Despite the hardships, or perhaps because of them, Still’s characters make the most of happy times, with community gatherings for sorghum making, hog butchering, barn dances, and weddings. Humor is often enjoyed by one character at the expense of another, and colorful metaphors and similes are scattered liberally through the stories to comical effect. In “The Scrape,” characters climb ground “so steep you’d nearly skin your nose” and have heads “as hard as ball-peen hammers.” In “On Pigeon Roost Creek” the bewitching Ellafronia Saul is “tender as a snail’s horns” with teeth “white as ladybean seeds and even-set as corn grains on a nubbin.” In “School Butter,” a schoolhouse full of children listening entranced to the story of the Trojan Horse are “still as moss eating rocks,” and in “Plank Town” a child is “so spoiled salt wouldn’t save him.”

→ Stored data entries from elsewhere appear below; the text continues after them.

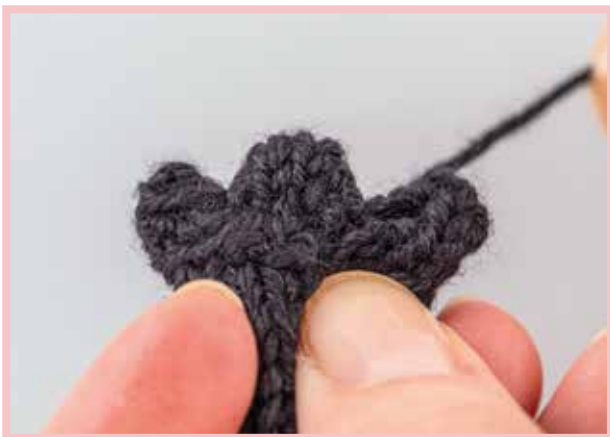
Sew the edges together.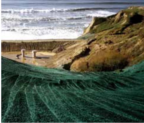
Less expensive than extended term blankets, and less soil preparation is required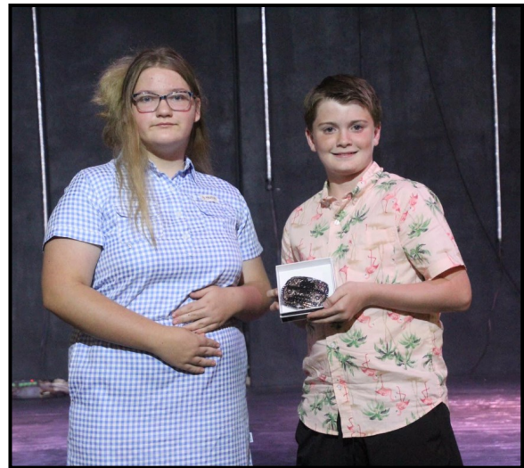
2024 Junior Showmanship Winner Sponsored by Dukart Family, ND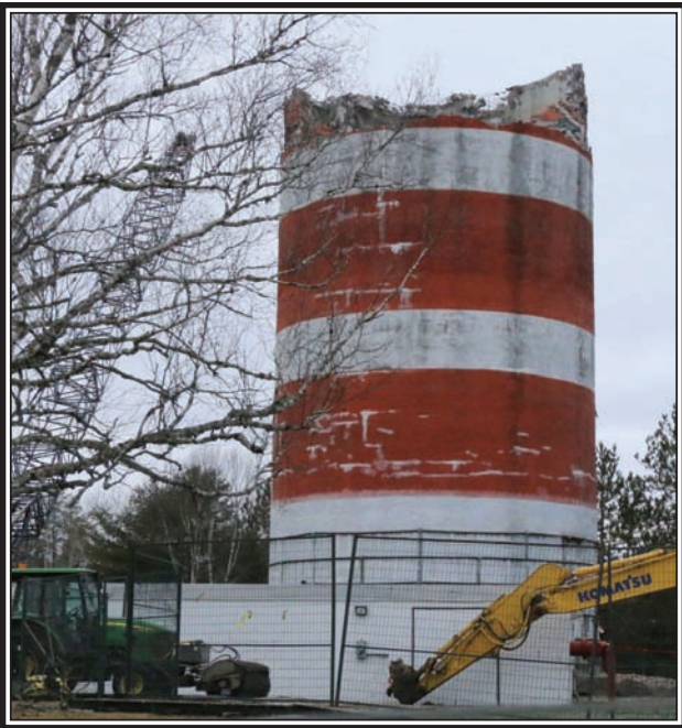
Last month, we published a picture of the new tower, in error. We apologize. The iconic water tower at the corner of Plains Rd and MacElmon Rd in Debert has been demolished. A new tower was built a few years ago further along Plains Rd.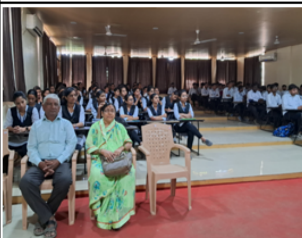
Students (Participants) attending the guest leture from Guest Speaker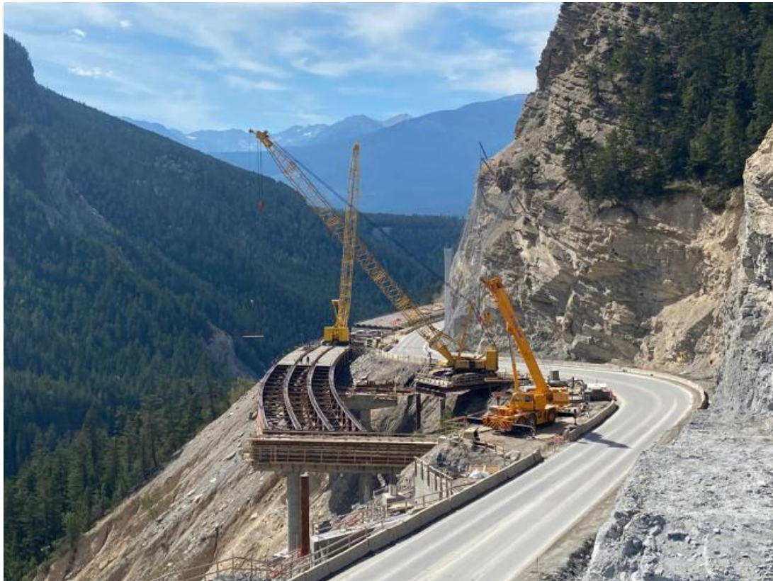
Figure 6: Frenchman's Bridge – Looking west at deck panel installation – August 30, 2022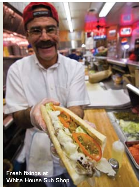
Fresh fixings at White House Sub Shop

Thick-sliced orange and almond French toast and award-winning buttermilk pancakes give the Mad Batter the best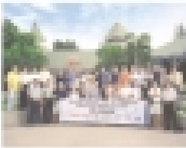
Bangkok - Pattaya trip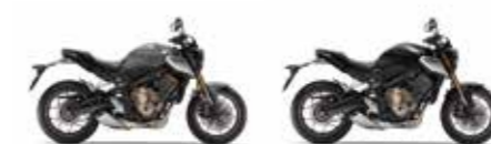
New 2021 Colour Pearl Smoky Gray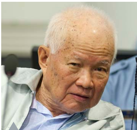
Khieu Samphan, former Head of State of Democratic Kampuchea.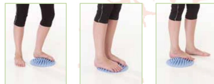
Item no. 143 028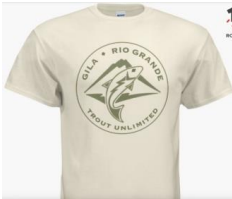
Green logo on ivory

GRG-TU Logo T-shirts to support local trout restoration and conservation efforts.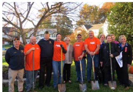
VFW and Auxiliary members break ground with Team Home Depot.

On the morning of October 22 a groundbreaking ceremony was held at the Towne’s home.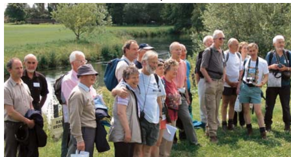
Campaign for National Parks' Walk near Winchester with Sir Chris Bonington in 2002

With this news, the Campaign realised it had to take its work to a new level. Although it had won a great victory in securing the start of the designation process, all could still be lost if the National Park did not cover a wide enough area. Indeed there was a risk that an Inspector might not recommend there be a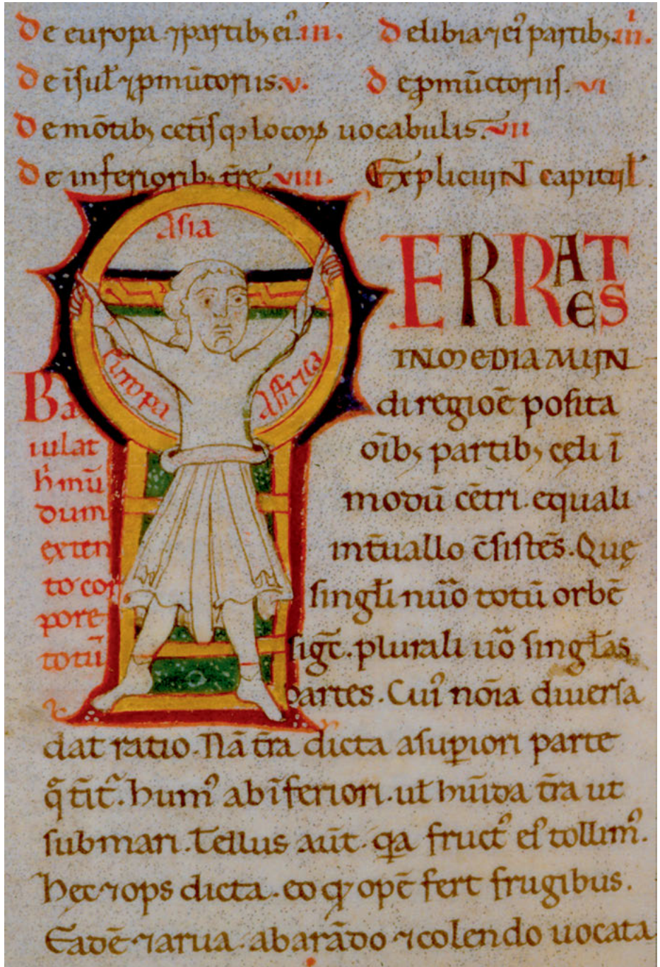
Fig. 3: An illuminated T-initial from a thirteenth-century 'Etymologiae' manuscript (Florence, Biblioteca Medicea Laurenziana, Conv Soppr. 319, fol. 90v)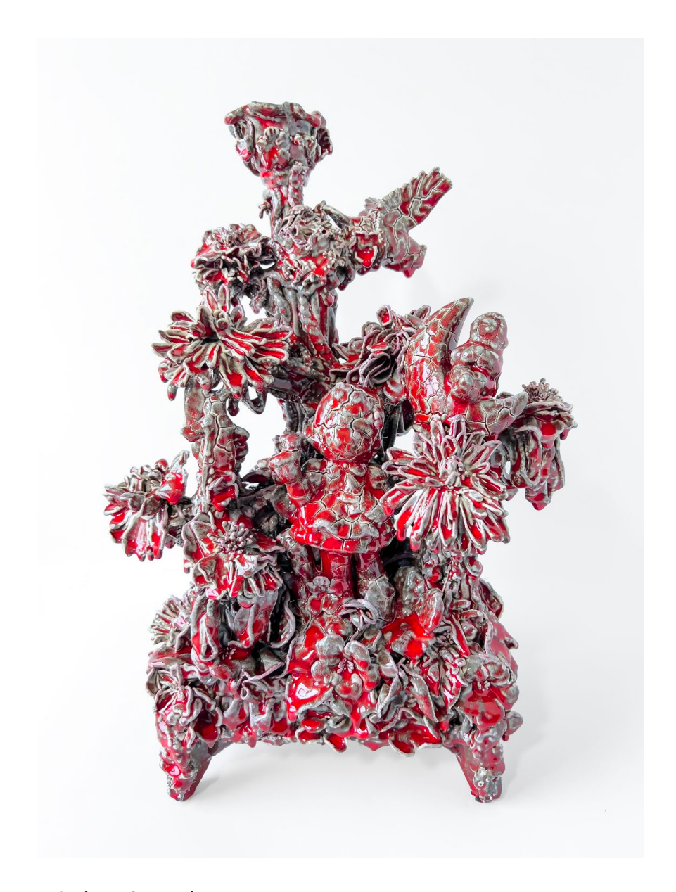
Anthony Sonnenberg Candelabra (To Hell and Back), 2023 Porcelain over stoneware and found ceramic tchotchkes, glaze 17 1/2 x 14 x 8 in 44.5 x 35.6 x 20.3 cm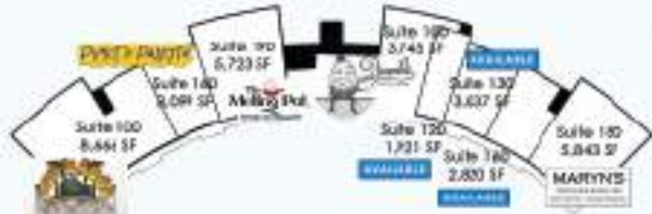
BLDG 300 FIRST FLOOR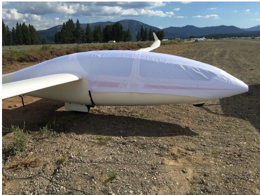
DGF 1000 Canopy/Nose with Turtledeck Extension (test fit cover)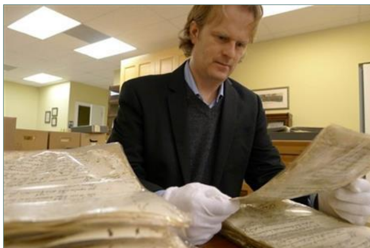
Preserving Historical Documents

Digitization of records is a major initiative of the National Society. With over 2.2 million paper records, it has become apparent that electronic copies complete with indexing are a must for our society. Done properly, digitization and indexing of our applications and proof documents could allow for the creation of a functional Genealogical Research System (GRS). Digitization would also provide an electronic backup system for our paper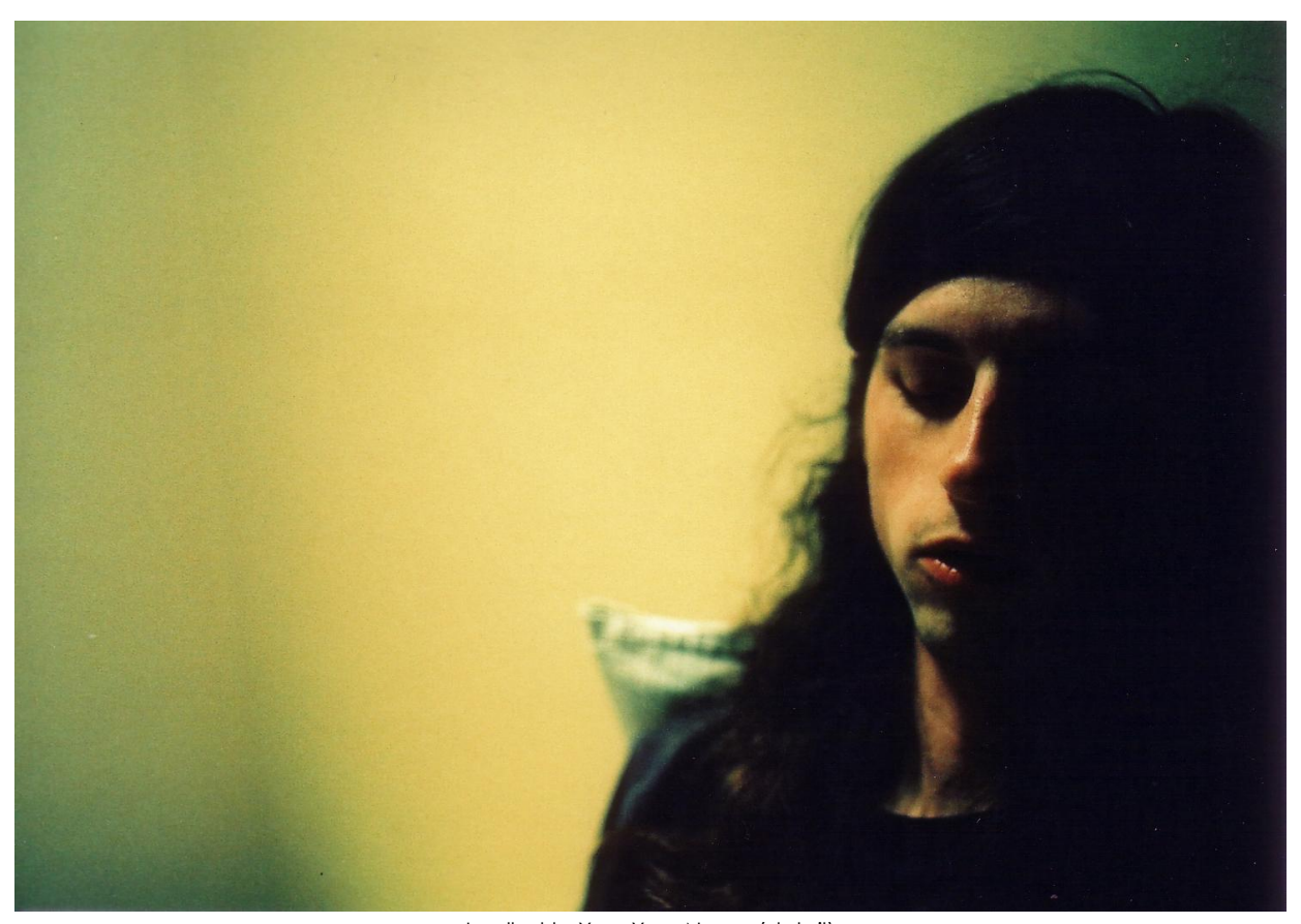
I called to You Your Name (detail)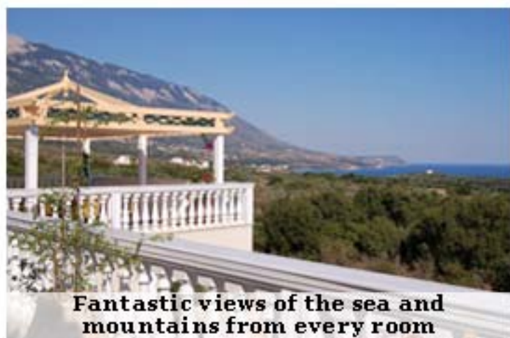
Fantastic views of the sea and mountains from every room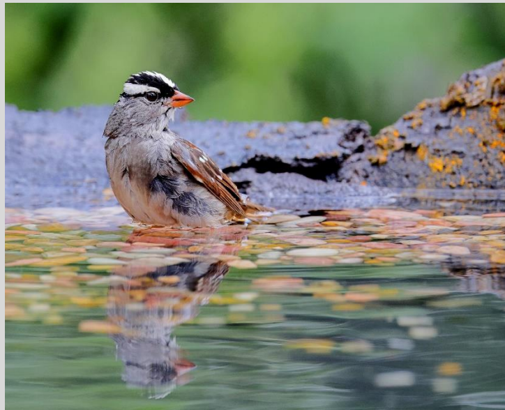
Figure 15 An adult white-crowned sparrow at the reflection pool

We added the red leaves to show autumn is coming and this male evening grosbeak decided to rearrange them. The Canon 100-500mm lens works perfectly for photographing wildlife at reflection pools as the subjects are only 8-12 feet away.

As colorful as the characters is the Appalachian landscape itself. A good example is “The Ploughing,” in which the young narrator goes to the fields seeking his Uncle Jolly early on an April morning. Still writes, “The sky was as blue as a bottle. A rash of green covered the sheltered fence edges, though beech and leatherwood were browner and barer still for the sunlight washing their branches. I began to climb, hands on knees, the way being steep. I went up through a redbud thicket swollen with unopened bloom and leaf, coming at last to where Uncle Jolly was ploughing. The bench spread back to a swag, level as creek land, set up against air and sky and nothing.” Later, when Uncle Jolly decides to let his eager nephew try his hand, the experience takes on a mythical quality: “The earth parted; it fell back from the shovel plough; it boiled over the share. I walked the fresh furrow, and balls of dirt welled between my toes. There was a smell of old mosses, of bruised sassafras roots, of ground new-turned. . . . The share rustled like drifted leaves. It spoke up through the handles. I felt the earth flowing, steady as time.”

The best writers are able to arrange words on a page so skillfully that they somehow open a channel directly between the author’s voice and the reader’s heart. James Still was such a writer, and his deceptively simple portrayals of Appalachian life pulse with a powerful truth and an eloquent beauty. With The Hills Remember, his voice will continue to resonate as clear and as pure as a dipperful of cold mountain water on a hot day.